O texto “O que se esconde debaixo de um poema” fez-me lembrar Jorge Luís Borges: “Um poeta, quando escreve um poema e levanta a folha onde o escreveu, descobre uma infindável pilha de poemas onde foi escrita toda a poesia que precedeu o seu poema, e ao pousar essa mesma folha verá que já contém o peso de incontáveis poemas escritos sobre aquele que acabou de escrever.” De facto, os livros têm sempre um passado e um futuro.

Vou colocar O Vício dos Livros na minha biblioteca perto de outros livros sobre livros. Acho que fica bem perto do livrinho de Montaigne Dos Livros (Teorema, 1999), que aliás Afonso Cruz cita, e onde o escritor francês comenta as suas leituras: “Não me apego aos livros novos porque os antigos me parecem mais ricos e mais sólidos”. E do de Proust O Prazer da Leitura (idem, 1997), onde se lê: “O que difere essencialmente entre um livro e um amigo, não é a sua maior ou menor sensatez, mas a maneira como se comunica com ele; a leitura, ao arrepio da conversa, consistindo para cada um de nós em receber comunicação de outro pensamento, mas permanecendo a sós.”
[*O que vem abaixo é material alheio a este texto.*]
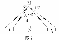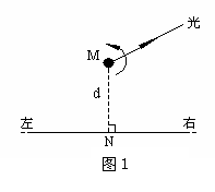 例1.(2000年全国高考)一辆实验小车可沿水平地面(图中纸面)上的长直轨道匀速向右运动。有一台发出细光束的激光器装在小转台M上,到轨道的距离MN为

Na biblioteca do Rómulo, em Coimbra, os livros de Afonso Cruz estão na companhia dos de Carl Sagan, que, em Cosmos (Gradiva, 2020), escreveu: “Os livros permitem-nos viajar através do tempo, de beber na própria fonte o saber dos nossos antepassados. A biblioteca põe-nos em contacto com as concepções e o saber, a custo extraídos da natureza, das maiores mentes até agora existentes, com os melhores professores, provindos de todo o planeta e de toda a nossa história, para nos instruírem sem nos fatigarmos e para nos inspirarem a dar a nossa contribuição ao saber colectivo da espécie humana.” O mais recente livro de Afonso Cruz entrará um dia no Rómulo. Tenho esperança de que ajude a fomentar o vício dos livros.